[Date Prev][Date Next] [Thread Prev][Thread Next] [Date Index] [Thread Index]

Bug#607879: System hangs up with mmap.c:873!



On Sat, 2011-01-15 at 14:42 +0000, Ben Hutchings wrote:
> On Sat, 2011-01-15 at 15:36 +0100, Daniel Baumann wrote:
> > On 01/15/2011 03:29 PM, Ben Hutchings wrote:
> > > Daniel, please identify the bug fix we need.
> > 
> > http://lists.debian.org/debian-live/2011/01/msg00093.html
> 
> Well, we might as well just remove aufs then.

(No, that's not serious.)

The attached patch series might deal with this bug.  These patches are
simply cherry-picked from aufs upstream and modified as necessary to
compile.  I leave any further building and testing to you.

Ben.

-- 
Ben Hutchings
Once a job is fouled up, anything done to improve it makes it worse.
From: J. R. Okajima <hooanon05@yahoo.co.jp>
Date: Mon, 1 Mar 2010 17:52:50 +0900
Subject: [PATCH 1/4] Revert "aufs: narrow down the BKL region"

commit e62ca9737674cf9b70a961cb8d1efed4a7cff976 in aufs2-2.6

This reverts commit d84deeb079e09b33c2339bc7a54cf7d15c3b8a85.
BKL doesn't help the multi threaded application.
Lockdep says mmap_sem is circular here. It may be correct, but I am not
sure whether it is false positive or not in real world.

Reported-by: "James ." <jazzrz86@gmail.com>
Signed-off-by: J. R. Okajima <hooanon05@yahoo.co.jp>
---
 fs/aufs/f_op.c |   14 ++++----------
 1 files changed, 4 insertions(+), 10 deletions(-)

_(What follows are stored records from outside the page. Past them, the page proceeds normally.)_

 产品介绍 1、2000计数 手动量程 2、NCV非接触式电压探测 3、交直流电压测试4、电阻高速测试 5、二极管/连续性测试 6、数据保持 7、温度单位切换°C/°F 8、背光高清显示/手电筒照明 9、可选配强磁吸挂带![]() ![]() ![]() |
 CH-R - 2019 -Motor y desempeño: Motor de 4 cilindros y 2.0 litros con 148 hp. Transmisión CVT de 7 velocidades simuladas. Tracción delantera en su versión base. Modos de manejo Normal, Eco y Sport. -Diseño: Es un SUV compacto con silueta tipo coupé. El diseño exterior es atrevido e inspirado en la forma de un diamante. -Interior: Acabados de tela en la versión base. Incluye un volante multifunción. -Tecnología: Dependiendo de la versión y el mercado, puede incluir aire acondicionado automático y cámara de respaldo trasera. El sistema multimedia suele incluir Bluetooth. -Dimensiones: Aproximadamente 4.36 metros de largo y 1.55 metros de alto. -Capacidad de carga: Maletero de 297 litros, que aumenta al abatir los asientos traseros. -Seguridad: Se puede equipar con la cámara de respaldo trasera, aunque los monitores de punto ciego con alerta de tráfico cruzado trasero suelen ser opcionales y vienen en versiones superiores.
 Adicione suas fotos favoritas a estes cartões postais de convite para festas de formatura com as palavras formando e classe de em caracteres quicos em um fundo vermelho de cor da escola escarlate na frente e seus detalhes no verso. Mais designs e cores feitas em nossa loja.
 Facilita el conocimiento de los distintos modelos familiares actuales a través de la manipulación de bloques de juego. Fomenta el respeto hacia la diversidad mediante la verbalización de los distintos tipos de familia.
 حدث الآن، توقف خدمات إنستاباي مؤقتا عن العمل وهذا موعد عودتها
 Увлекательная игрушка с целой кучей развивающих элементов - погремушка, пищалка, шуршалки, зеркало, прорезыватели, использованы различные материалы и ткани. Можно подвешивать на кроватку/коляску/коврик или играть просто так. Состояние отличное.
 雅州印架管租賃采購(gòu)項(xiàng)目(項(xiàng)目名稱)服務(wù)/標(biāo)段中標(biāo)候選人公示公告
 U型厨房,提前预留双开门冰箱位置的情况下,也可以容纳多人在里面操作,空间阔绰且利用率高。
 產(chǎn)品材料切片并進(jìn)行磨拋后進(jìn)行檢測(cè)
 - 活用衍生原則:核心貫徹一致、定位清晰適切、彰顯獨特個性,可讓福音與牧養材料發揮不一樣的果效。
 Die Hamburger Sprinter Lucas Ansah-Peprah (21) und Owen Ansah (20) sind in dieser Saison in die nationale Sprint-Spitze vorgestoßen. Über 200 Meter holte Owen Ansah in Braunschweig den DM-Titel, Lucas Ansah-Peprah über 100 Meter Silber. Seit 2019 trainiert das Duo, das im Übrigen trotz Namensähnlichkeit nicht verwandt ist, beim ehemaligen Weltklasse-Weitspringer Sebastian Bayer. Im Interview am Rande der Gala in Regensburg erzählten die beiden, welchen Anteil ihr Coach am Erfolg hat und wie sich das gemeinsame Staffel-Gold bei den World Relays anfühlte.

diff --git a/fs/aufs/f_op.c b/fs/aufs/f_op.c
index 3e9e47d..4c4ef82 100644
--- a/fs/aufs/f_op.c
+++ b/fs/aufs/f_op.c
@@ -597,11 +597,8 @@ static int aufs_mmap(struct file *file, struct vm_area_struct *vma)
 	up_write(&current->mm->mmap_sem);
 	si_read_lock(sb, AuLock_FLUSH);
 	err = au_reval_and_lock_fdi(file, au_reopen_nondir, /*wlock*/1);
-	if (unlikely(err)) {
-		down_write(&current->mm->mmap_sem);
-		unlock_kernel();
+	if (unlikely(err))
 		goto out;
-	}
 
 	mmapped = !!au_test_mmapped(file);
 	if (wlock) {
@@ -609,16 +606,11 @@ static int aufs_mmap(struct file *file, struct vm_area_struct *vma)
 
 		err = au_ready_to_write(file, -1, &pin);
 		di_downgrade_lock(dentry, AuLock_IR);
-		if (unlikely(err)) {
-			down_write(&current->mm->mmap_sem);
-			unlock_kernel();
+		if (unlikely(err))
 			goto out_unlock;
-		}
 		au_unpin(&pin);
 	} else
 		di_downgrade_lock(dentry, AuLock_IR);
-	down_write(&current->mm->mmap_sem);
-	unlock_kernel();
 
 	h_file = au_h_fptr(file, au_fbstart(file));
 	if (!mmapped && au_test_fs_bad_mapping(h_file->f_dentry->d_sb)) {
@@ -670,6 +662,8 @@ static int aufs_mmap(struct file *file, struct vm_area_struct *vma)
 	fi_write_unlock(file);
  out:
 	si_read_unlock(sb);
+	down_write(&current->mm->mmap_sem);
+	unlock_kernel();
 	return err;
 }
 
-- 
1.7.2.3

From: J. R. Okajima <hooanon05@yahoo.co.jp>
Date: Mon, 1 Mar 2010 23:13:34 +0900
Subject: [PATCH 2/4] Revert "aufs: bugfix, unlock mmap_sem temporary using BKL"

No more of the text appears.